(What to do):
Reproduce all of the data below without alteration; exclude every picture.

=== Extracted data ===

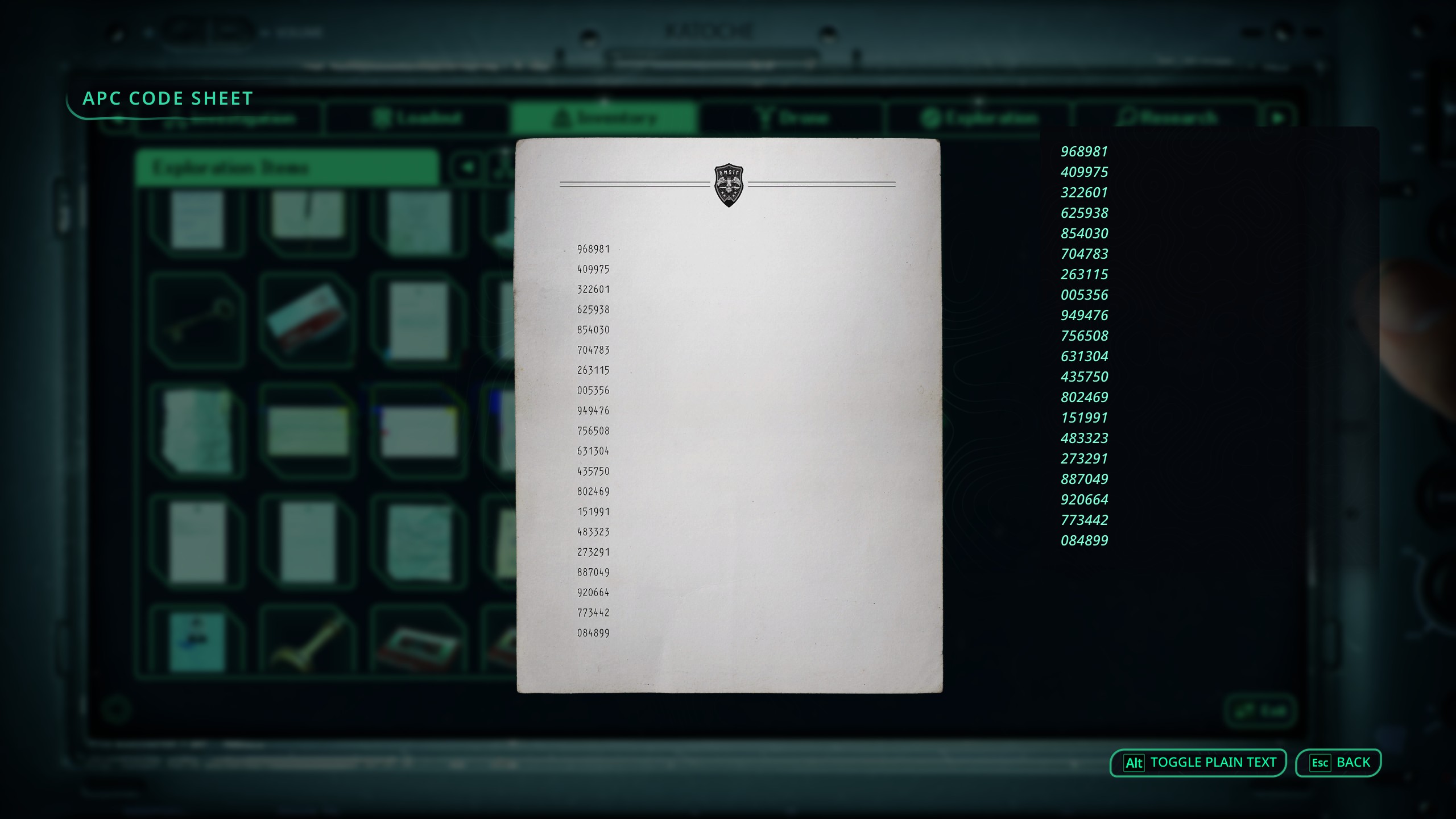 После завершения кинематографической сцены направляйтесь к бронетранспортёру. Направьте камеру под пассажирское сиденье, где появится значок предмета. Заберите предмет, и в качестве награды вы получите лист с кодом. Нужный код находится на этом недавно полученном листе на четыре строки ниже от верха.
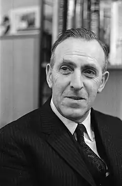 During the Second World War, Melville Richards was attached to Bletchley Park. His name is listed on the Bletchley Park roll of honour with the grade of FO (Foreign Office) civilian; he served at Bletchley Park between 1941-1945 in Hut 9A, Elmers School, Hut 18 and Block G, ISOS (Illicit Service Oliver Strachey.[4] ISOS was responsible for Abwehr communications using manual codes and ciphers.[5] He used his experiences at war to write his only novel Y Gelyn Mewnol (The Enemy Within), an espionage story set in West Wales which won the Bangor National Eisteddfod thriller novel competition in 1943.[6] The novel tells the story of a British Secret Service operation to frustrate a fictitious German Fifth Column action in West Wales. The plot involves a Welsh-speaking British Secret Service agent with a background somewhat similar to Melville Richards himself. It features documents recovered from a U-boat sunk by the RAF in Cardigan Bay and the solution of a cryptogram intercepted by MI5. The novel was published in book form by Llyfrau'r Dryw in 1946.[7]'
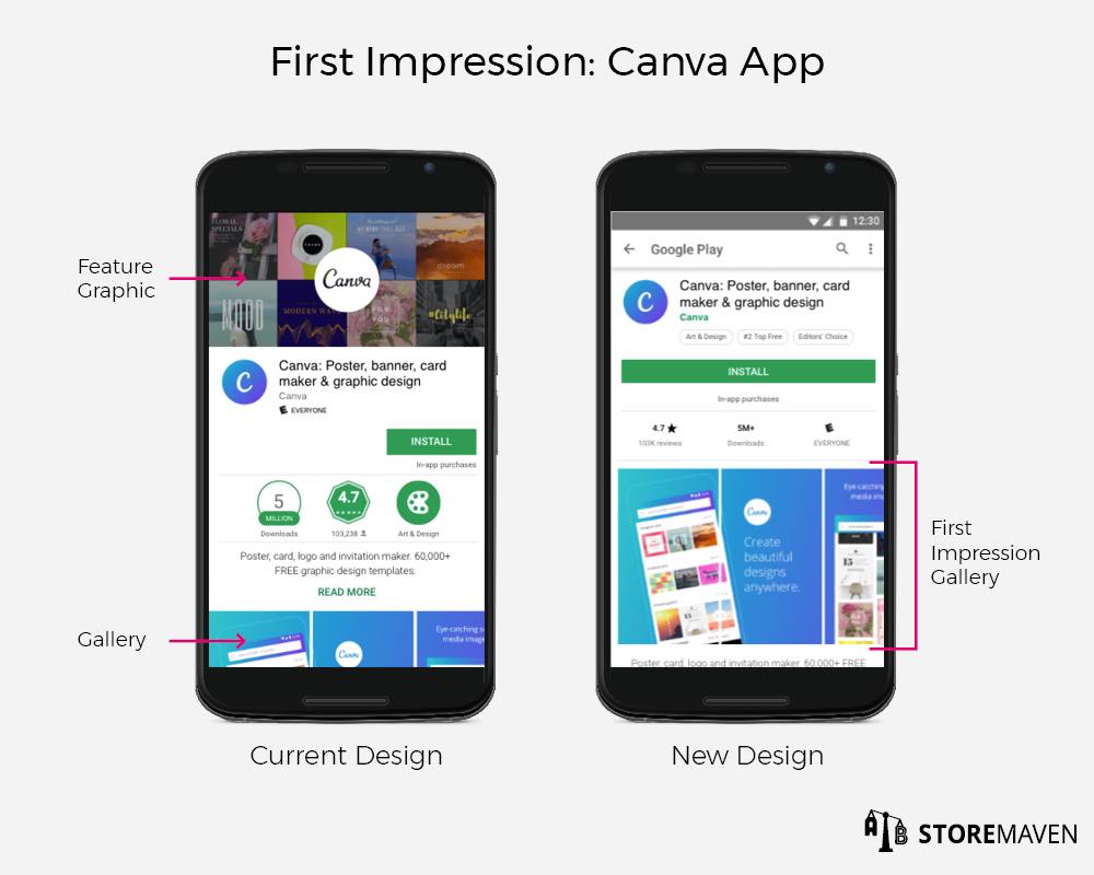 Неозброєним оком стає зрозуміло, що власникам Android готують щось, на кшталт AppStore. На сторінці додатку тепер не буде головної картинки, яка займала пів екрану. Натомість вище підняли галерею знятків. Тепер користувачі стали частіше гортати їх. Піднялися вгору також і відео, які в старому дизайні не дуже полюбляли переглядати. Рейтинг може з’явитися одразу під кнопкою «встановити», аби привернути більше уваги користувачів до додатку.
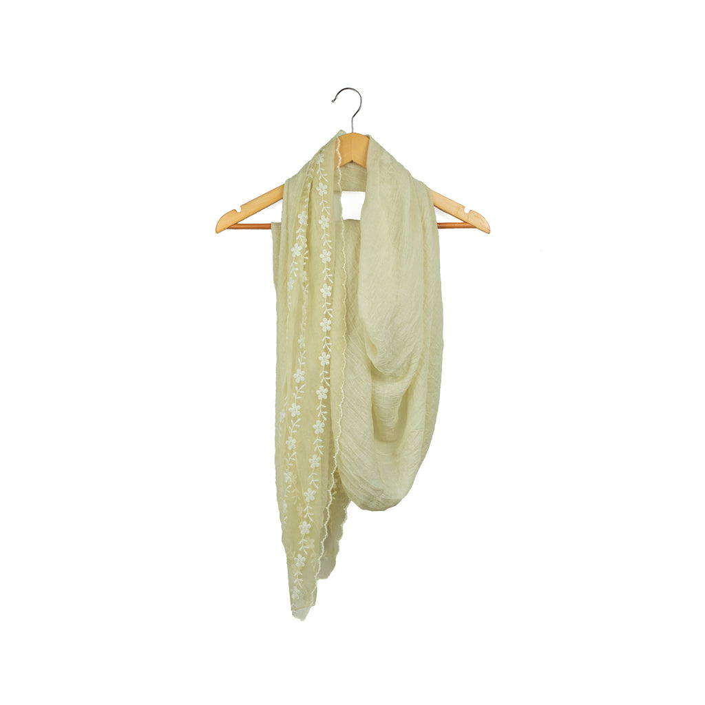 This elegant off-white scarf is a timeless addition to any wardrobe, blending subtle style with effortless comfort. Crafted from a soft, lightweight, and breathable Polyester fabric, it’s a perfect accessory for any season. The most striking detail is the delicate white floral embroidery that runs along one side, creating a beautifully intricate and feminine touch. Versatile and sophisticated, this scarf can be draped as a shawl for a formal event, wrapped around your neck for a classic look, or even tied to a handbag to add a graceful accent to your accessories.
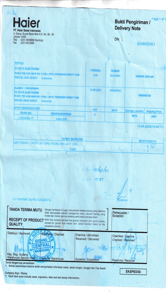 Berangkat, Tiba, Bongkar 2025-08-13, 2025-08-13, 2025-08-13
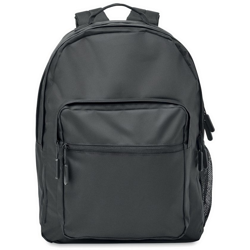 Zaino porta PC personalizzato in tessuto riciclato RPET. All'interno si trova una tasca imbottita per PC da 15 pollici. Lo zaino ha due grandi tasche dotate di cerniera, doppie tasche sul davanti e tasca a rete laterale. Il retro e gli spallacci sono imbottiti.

===

(Exercise response):
 После завершения кинематографической сцены направляйтесь к бронетранспортёру. Направьте камеру под пассажирское сиденье, где появится значок предмета. Заберите предмет, и в качестве награды вы получите лист с кодом. Нужный код находится на этом недавно полученном листе на четыре строки ниже от верха.
 During the Second World War, Melville Richards was attached to Bletchley Park. His name is listed on the Bletchley Park roll of honour with the grade of FO (Foreign Office) civilian; he served at Bletchley Park between 1941-1945 in Hut 9A, Elmers School, Hut 18 and Block G, ISOS (Illicit Service Oliver Strachey.[4] ISOS was responsible for Abwehr communications using manual codes and ciphers.[5] He used his experiences at war to write his only novel Y Gelyn Mewnol (The Enemy Within), an espionage story set in West Wales which won the Bangor National Eisteddfod thriller novel competition in 1943.[6] The novel tells the story of a British Secret Service operation to frustrate a fictitious German Fifth Column action in West Wales. The plot involves a Welsh-speaking British Secret Service agent with a background somewhat similar to Melville Richards himself. It features documents recovered from a U-boat sunk by the RAF in Cardigan Bay and the solution of a cryptogram intercepted by MI5. The novel was published in book form by Llyfrau'r Dryw in 1946.[7]'
 Неозброєним оком стає зрозуміло, що власникам Android готують щось, на кшталт AppStore. На сторінці додатку тепер не буде головної картинки, яка займала пів екрану. Натомість вище підняли галерею знятків. Тепер користувачі стали частіше гортати їх. Піднялися вгору також і відео, які в старому дизайні не дуже полюбляли переглядати. Рейтинг може з’явитися одразу під кнопкою «встановити», аби привернути більше уваги користувачів до додатку.
 This elegant off-white scarf is a timeless addition to any wardrobe, blending subtle style with effortless comfort. Crafted from a soft, lightweight, and breathable Polyester fabric, it’s a perfect accessory for any season. The most striking detail is the delicate white floral embroidery that runs along one side, creating a beautifully intricate and feminine touch. Versatile and sophisticated, this scarf can be draped as a shawl for a formal event, wrapped around your neck for a classic look, or even tied to a handbag to add a graceful accent to your accessories.
 Berangkat, Tiba, Bongkar 2025-08-13, 2025-08-13, 2025-08-13
 Zaino porta PC personalizzato in tessuto riciclato RPET. All'interno si trova una tasca imbottita per PC da 15 pollici. Lo zaino ha due grandi tasche dotate di cerniera, doppie tasche sul davanti e tasca a rete laterale. Il retro e gli spallacci sono imbottiti.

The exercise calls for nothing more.